Comprises the following steps:

1.1.3) the final desired speed in x direction may not be achieved by one decision adjustment due to dynamics limitations and driving comfort requirements, so the final decision in x direction is adjusted to:

wherein, a_minIs the maximum deceleration of the unmanned vehicle during normal running, a_maxThe two values are set to be the maximum acceleration of the unmanned automobile during normal running, and the two values are set to be 0.1 times of the maximum deceleration and the maximum acceleration of the vehicle dynamics.

1.2) making a decision of the vehicle in the y direction (transverse direction) to determine whether to change the lane, wherein the transverse decision is preset in the lane changing process, and after a lane changing motivation is generated due to the fact that a regular model is used for a next ramp, the lane changing is started once a safe position is found, otherwise, the vehicle continues to keep driving the lane; the specific settings are as follows:

1.2.1) determining whether the current lane change is safe by judging the motion states of vehicles in front of and behind the target lane, and starting the lane change when any one of the following conditions is met:

(1) no vehicle exists in the observation ranges at the front and the rear of the target lane;

(2) the target lane has a front vehicle, and the speed of the current self vehicle (i.e. the unmanned vehicle) meets the following requirements:

the speed of the front vehicle on the target lane;

is the maximum deceleration of the vehicle ahead of the target lane;

(3) the target lane exists in the rear vehicle, and the speed of the rear vehicle meets the following requirements:

wherein the content of the first and second substances,

the speed of the rear vehicle on the target lane;

is the maximum deceleration of the vehicle behind the target lane;

(4) the target lane has a front vehicle and a rear vehicle at the same time, and the speeds of the front vehicle and the rear vehicle meet the requirements of the conditions (2) and (3);

1.2.2) when the unmanned automobile decides to change lanes, the decision in the y direction is constant in the lane changing process;

the lane change decision is as follows:

the entire lane change procedure setup requires two time intervals, i.e., the lane change procedure time is 2 Δ t (═ 1.5s), and therefore two procedures of acceleration before deceleration in the lateral direction are required. Obtaining feasible lane change time after step 1.2.1)Then, the y-direction decision is set

Comprises the following steps:

wherein w is the lane width;

when the last lane change has been started, the next y-direction decision is set to:

at the moment, the driverless automobile completes one lane change.

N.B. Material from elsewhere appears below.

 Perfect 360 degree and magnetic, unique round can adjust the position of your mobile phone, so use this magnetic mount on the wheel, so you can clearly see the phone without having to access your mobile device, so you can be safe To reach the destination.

1.2.3) calculating the speed and the position of the unmanned automobile at the next moment according to the decision-making action:

1.3) generating a smooth curve by using a fifth-order polynomial with the current position, the speed, the target position at the next moment and the target speed at the next moment of the unmanned automobile as boundary conditions, dispersing the smooth curve into a guide point with the frequency of 20Hz, and sending a guide signal to the unmanned automobile to generate a local track of the unmanned automobile, wherein the local track is shown in FIG. 2.

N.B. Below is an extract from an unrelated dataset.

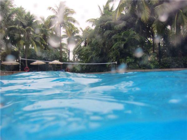 中午开始大雨下个不停,就在酒店泳池玩了一下午水上排球和篮球

The above is a rule-based decision model for the off-ramp of the unmanned vehicle, which considers the problems of safety, driving comfort and the like, can generate a smooth vehicle guiding track to achieve the purpose of the off-ramp of the unmanned vehicle, but the local lane change decision cannot respond to the urgency of the off-ramp, thereby affecting the passing efficiency of the unmanned vehicle.

2) As shown in fig. 3, a decision model (i.e., a hybrid decision model) based on reinforcement learning and a decision rule model for reinforcement learning are established based on a framework for reinforcement learning, and a training method thereof, wherein the hybrid decision model can be driven by adopting a rule model when the hybrid decision model is far away from a ramp, and the action of a vehicle is adjusted by using the reinforcement learning decision model according to the urgency of a lower ramp in the process of driving to the ramp, so that the success rate of the lower ramp is improved;

the establishment and training method of the hybrid decision model comprises the following steps:

2.1) the purpose of reinforcement learning is to establish a mapping model from the environment state to the action, the model is continuously trained by using the rewards obtained by different actions, and finally the actions generated by the model can obtain the rewards to the maximum extent. Therefore, the environment state space, the action space and the reward mechanism need to be defined first.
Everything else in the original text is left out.